## ACTION ITEM:
Would you please repeat exactly the entries below, starting at the line with "Yapay zeka destekli" and ending at the line with "On this day", and nothing outside that range? Leave out the pictures.

[Records from a data collection]
++++++

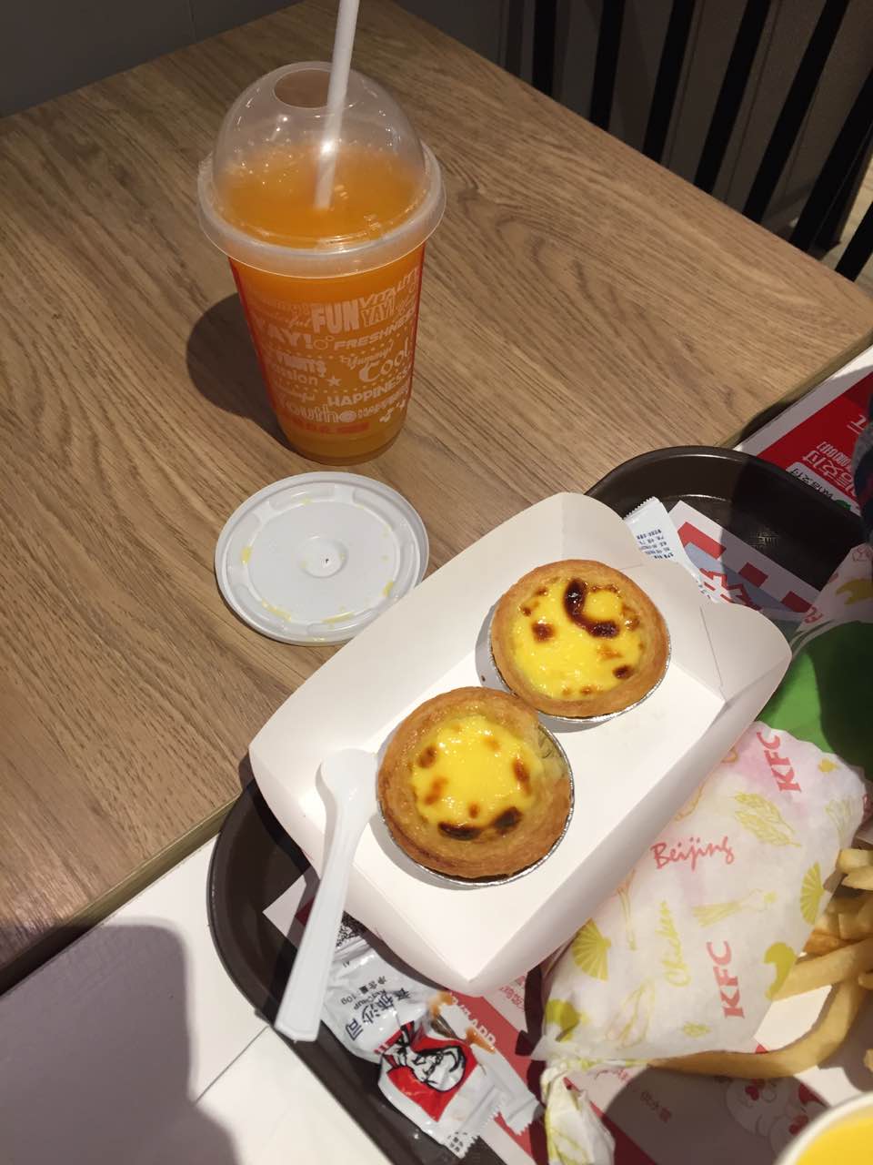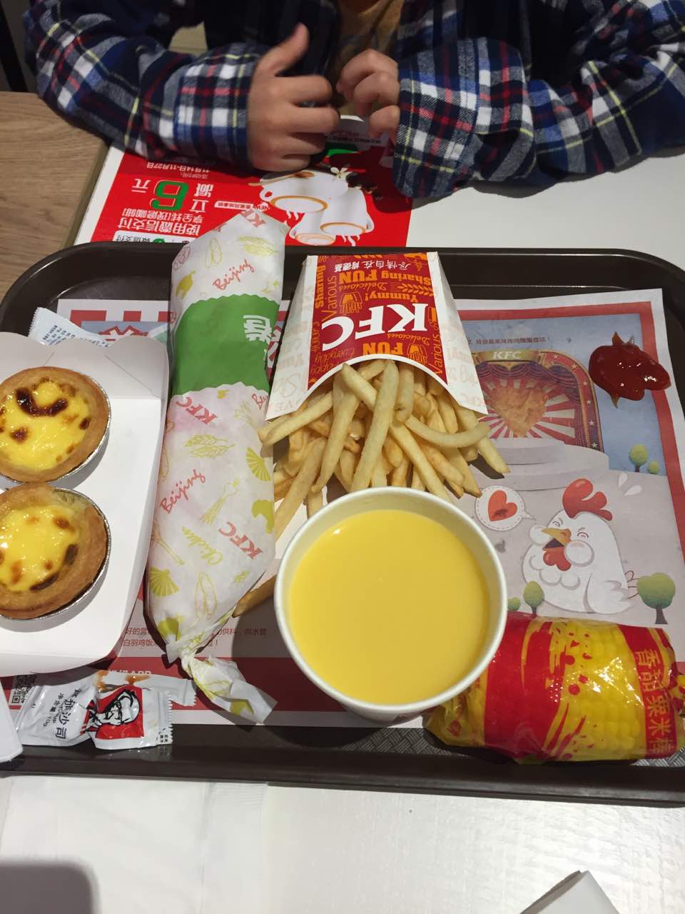 周末人多,新品玉米汁不错,只是这玉米棒什么情况,水很多;蛋挞第二个半价还是很合算的
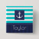 Nautische Taste mit aqua & navy blau gestreiftem Muster und anpassbarem Text.
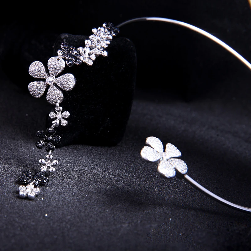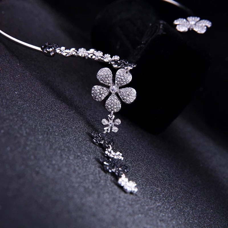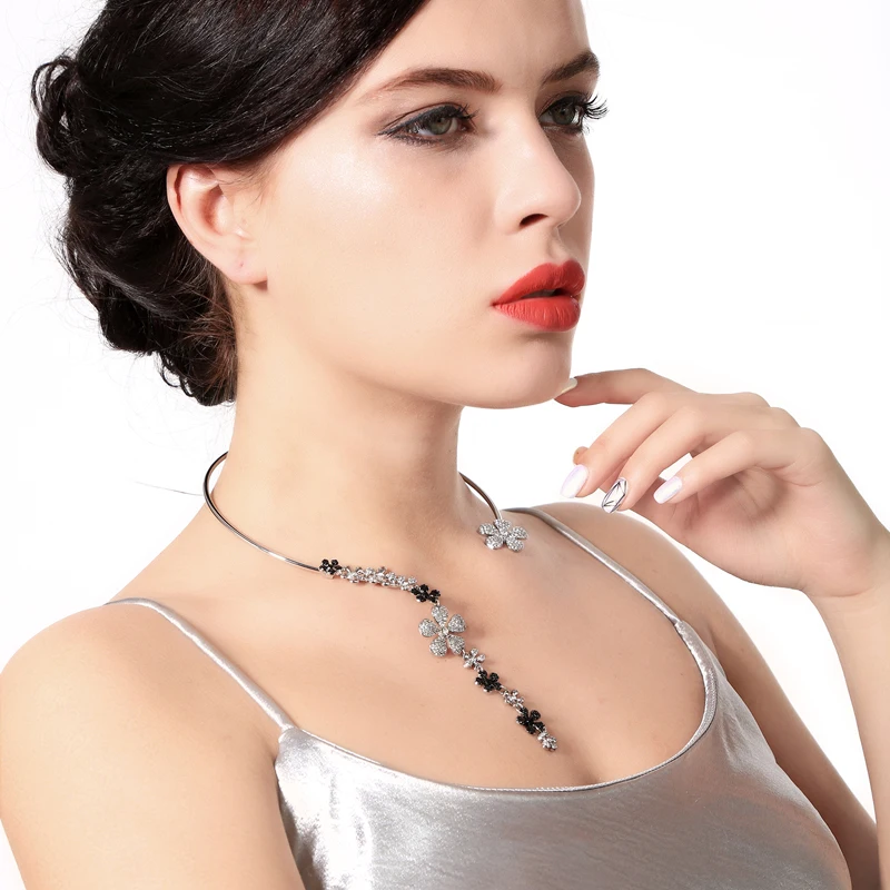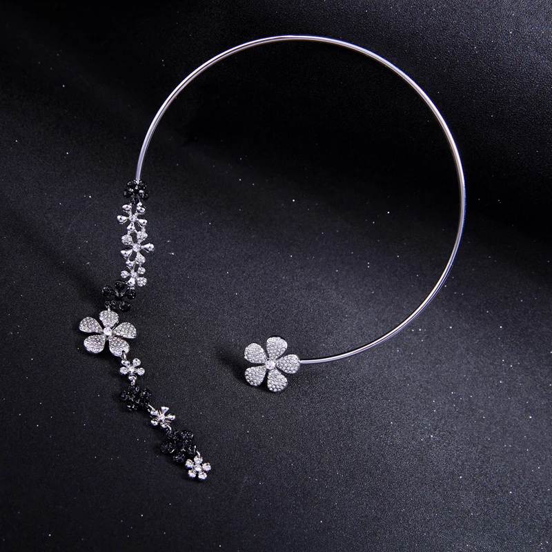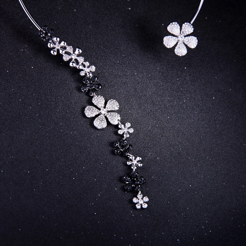 Production Feature:2018 Cute Romantic Tassel Crystal Flower Torques Necklace
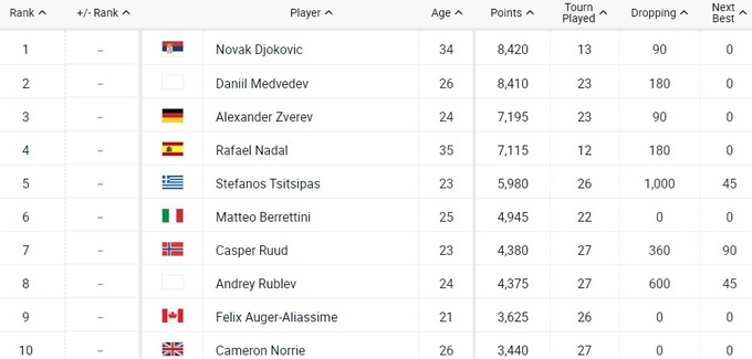 Все теннисисты после завершения карьеры остаются в рейтинге, пока рейтинг до нуля не упадет?
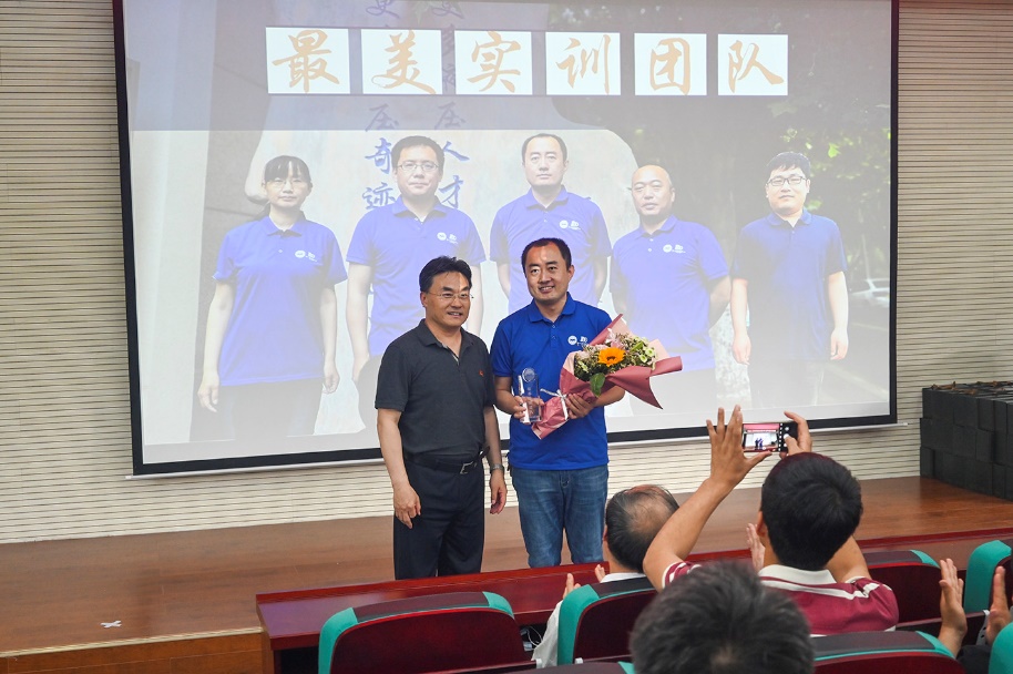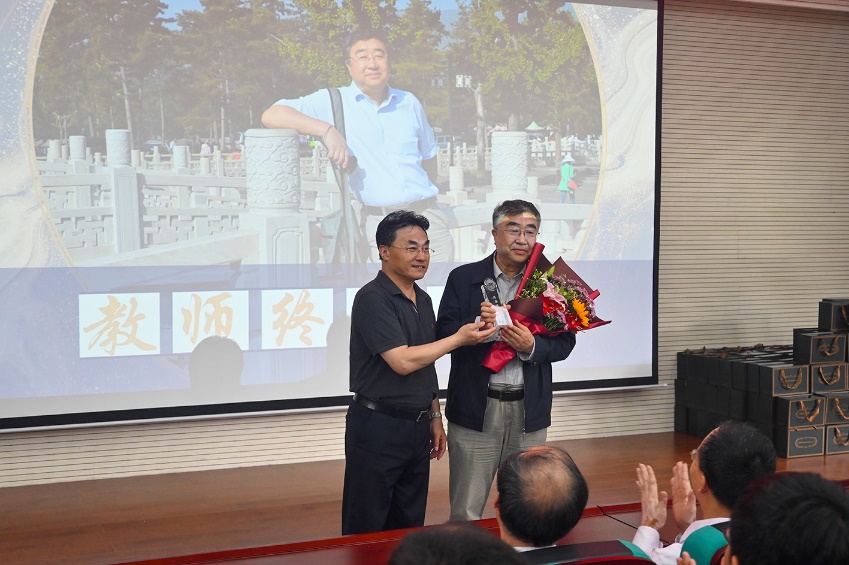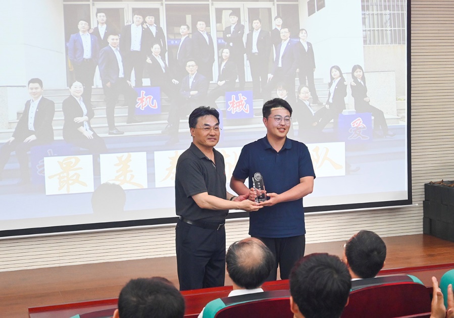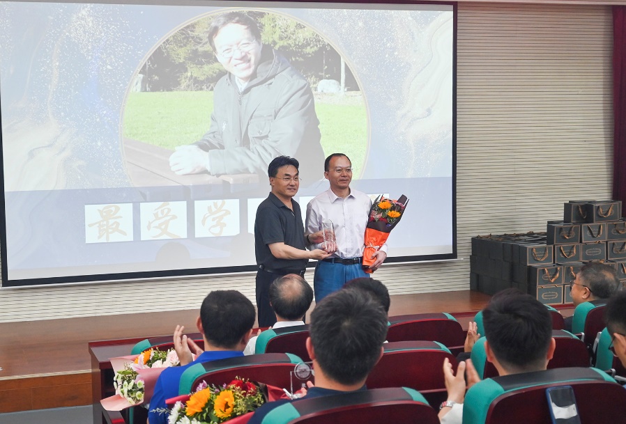 欢送会的颁奖环节是由孔祥东教授分别为“最美奉献团队”获得者——机械工程学院学生工作办公室全体辅导员、“最美实训团队”获得者——液压实验室全体教师、“最受学生喜爱奖”获得者——高殿荣教授和“教师终身成就奖”获得者——吴晓明教授颁发了奖杯并合影留念。
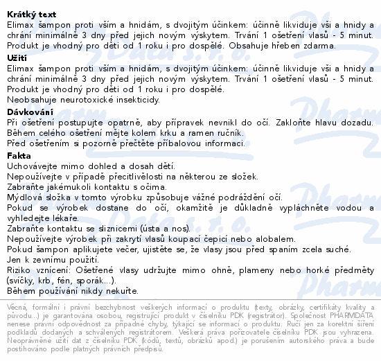 Elimax šampon proti vším a hnidám, s dvojitým účinkem: účinně likviduje vši a hnidy a chrání minimálně 3 dny před jejich novým výskytem. Trvání 1 ošetření vlasů - 5 minut. Produkt je vhodný pro děti od 1 roku i pro dospělé. Obsahuje hřeben zdarma.
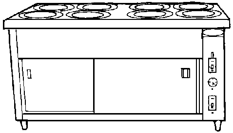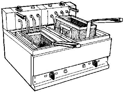 This cooks food under pressure of 103 kPa (15psi). It has a vapour valve, steam trap, a filter and a security valve. Capacity: 91 litres.
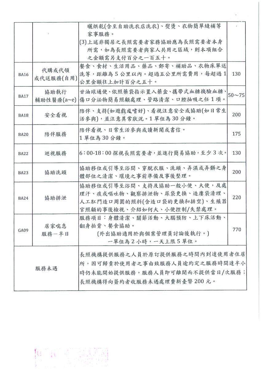 (2)日常照顧服務:陪同或代購生活用品、陪同就醫或復健、文書處理等。
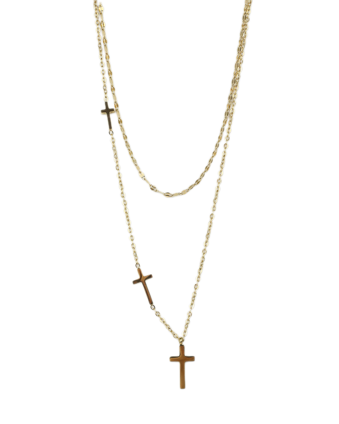 Διπλή αλυσίδα λαιμού με σταυρό DJ-013 - Χρυσό
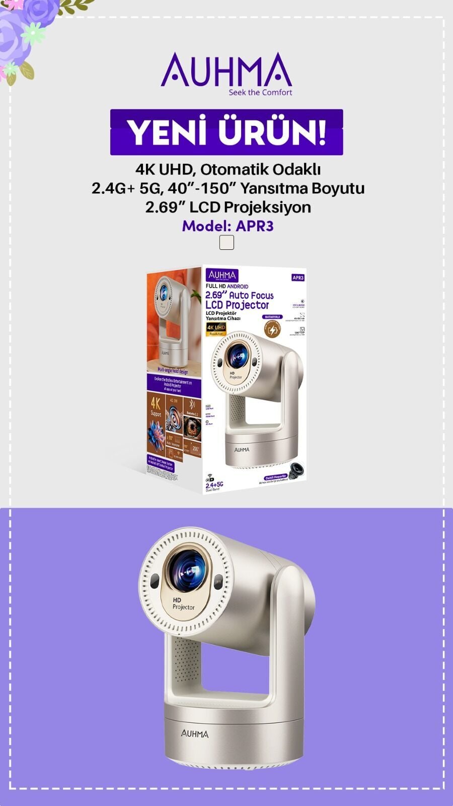 Yapay zeka destekli Auto-Focus (Otomatik Odaklama) teknolojisi ile bulanık görüntülere veda edin! Cihazı açtığınızda veya yerini değiştirdiğinizde saniyeler içinde görüntüyü otomatik olarak netleştirir. Auhma APR3 4K UHD Android Auto-Focus Projeksiyon (Bataryalı) Android işletim sistemi sayesinde telefon veya bilgisayara ihtiyaç duymadan; Netflix, YouTube, Disney+ gibi uygulamaları doğrudan cihaz üzerinden çalıştırabilirsiniz. 4K UHD video desteği, canlı renkleri ve güçlü ses sistemiyle Auhma APR3 4K UHD Android Auto-Focus Projeksiyon, sadece bir projeksiyon değil, çantanıza sığan dev bir eğlence merkezidir. Auhma APR3 4K UHD Android Auto-Focus Projeksiyon (Bataryalı)
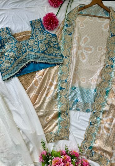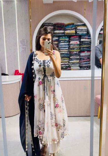 Heavy 1000 Butti Georgette With Digital Print And Mirror Work With Pom Pom Lace Border Salwar Kameez
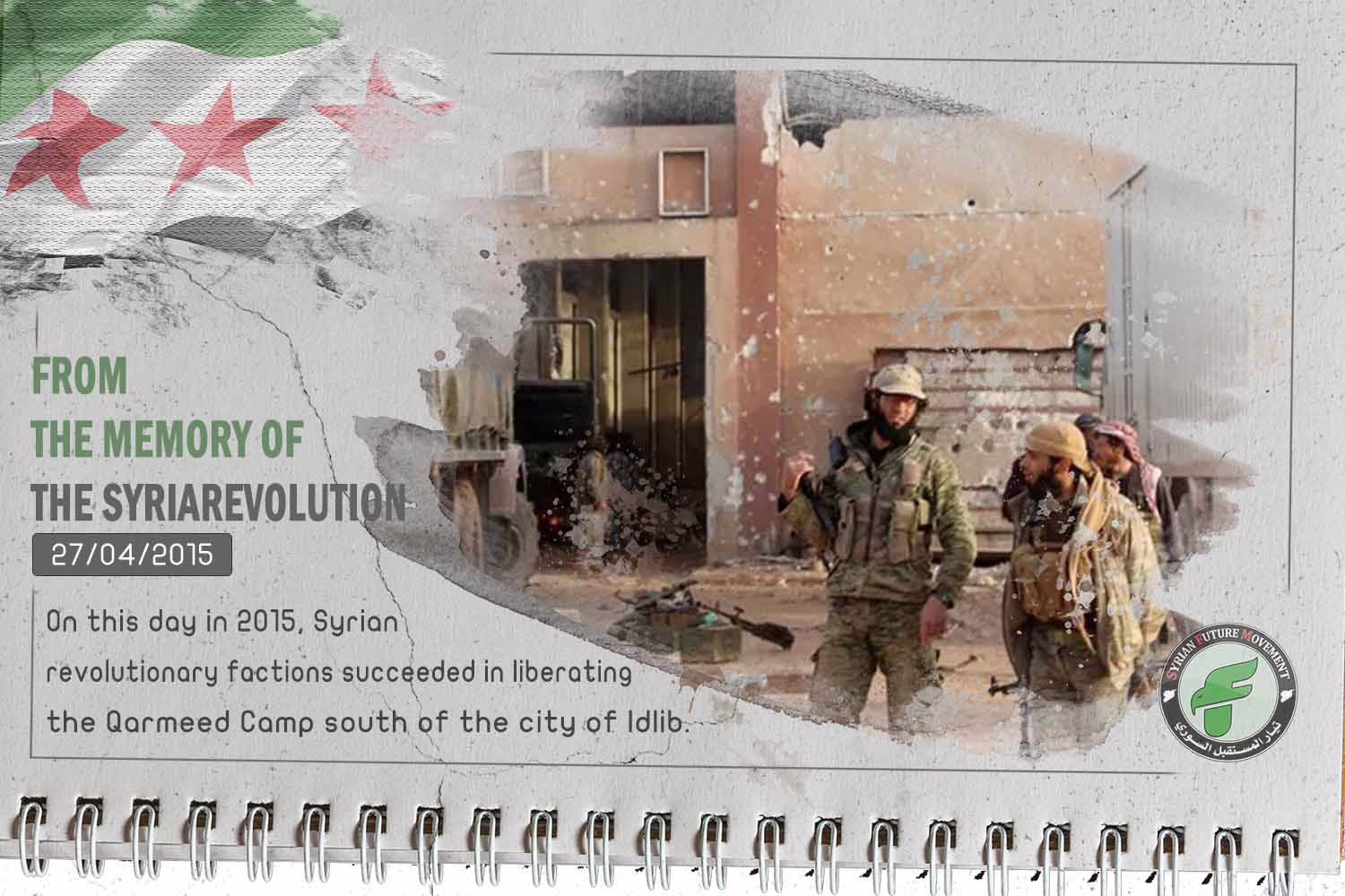 On this day in 2015, Syrian revolutionary factions succeeded in liberating the Qarmeed Camp south of the city of Idlib.
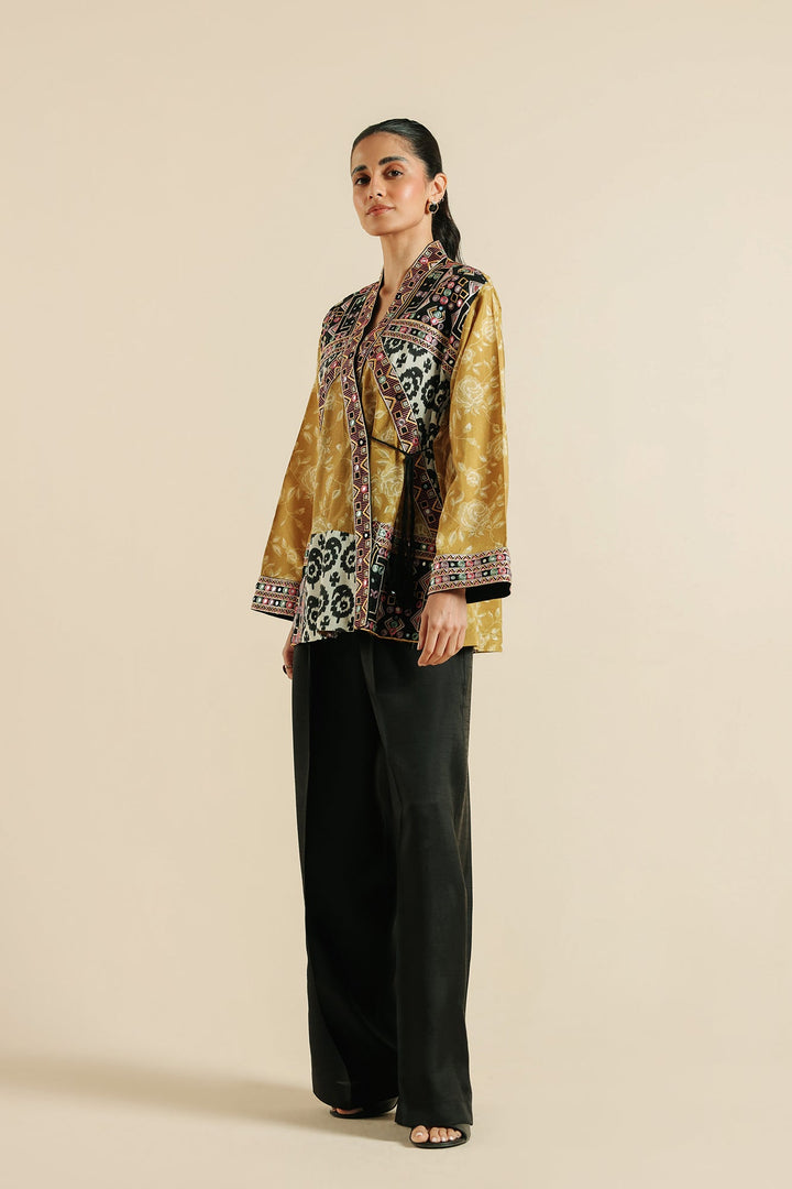 Style like a diva in this style statement outfit showcasing a contemporary front open kimono silhouette. Illustrating a classy oil shade canvas adorned with captivating prints in vibrant colors and beautifully enriched with aesthetically rich embroidery with artificial mirror details and geometric designs, this alluring outfit is a great option for fun gatherings this happening season.
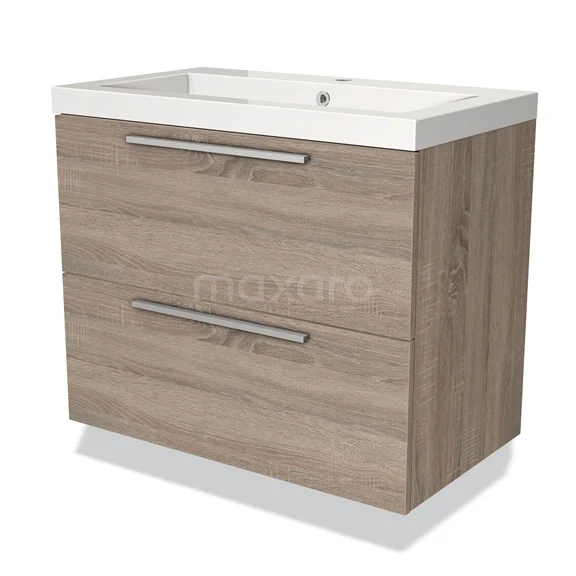 Stylish design The stylish design makes this bathroom unit the eye-catcher of your bathroom. The base cabinet features a flat front and has an oak finish. This beautiful oak look creates a warm atmosphere in your bathroom interior. In addition, the flat front provides a timeless touch. You need to joint the handles yourself. These are available in different colours and shapes.

++++++

## ANSWER TO THE PROBLEM:
 Yapay zeka destekli Auto-Focus (Otomatik Odaklama) teknolojisi ile bulanık görüntülere veda edin! Cihazı açtığınızda veya yerini değiştirdiğinizde saniyeler içinde görüntüyü otomatik olarak netleştirir. Auhma APR3 4K UHD Android Auto-Focus Projeksiyon (Bataryalı) Android işletim sistemi sayesinde telefon veya bilgisayara ihtiyaç duymadan; Netflix, YouTube, Disney+ gibi uygulamaları doğrudan cihaz üzerinden çalıştırabilirsiniz. 4K UHD video desteği, canlı renkleri ve güçlü ses sistemiyle Auhma APR3 4K UHD Android Auto-Focus Projeksiyon, sadece bir projeksiyon değil, çantanıza sığan dev bir eğlence merkezidir. Auhma APR3 4K UHD Android Auto-Focus Projeksiyon (Bataryalı)
 Heavy 1000 Butti Georgette With Digital Print And Mirror Work With Pom Pom Lace Border Salwar Kameez
 On this day in 2015, Syrian revolutionary factions succeeded in liberating the Qarmeed Camp south of the city of Idlib.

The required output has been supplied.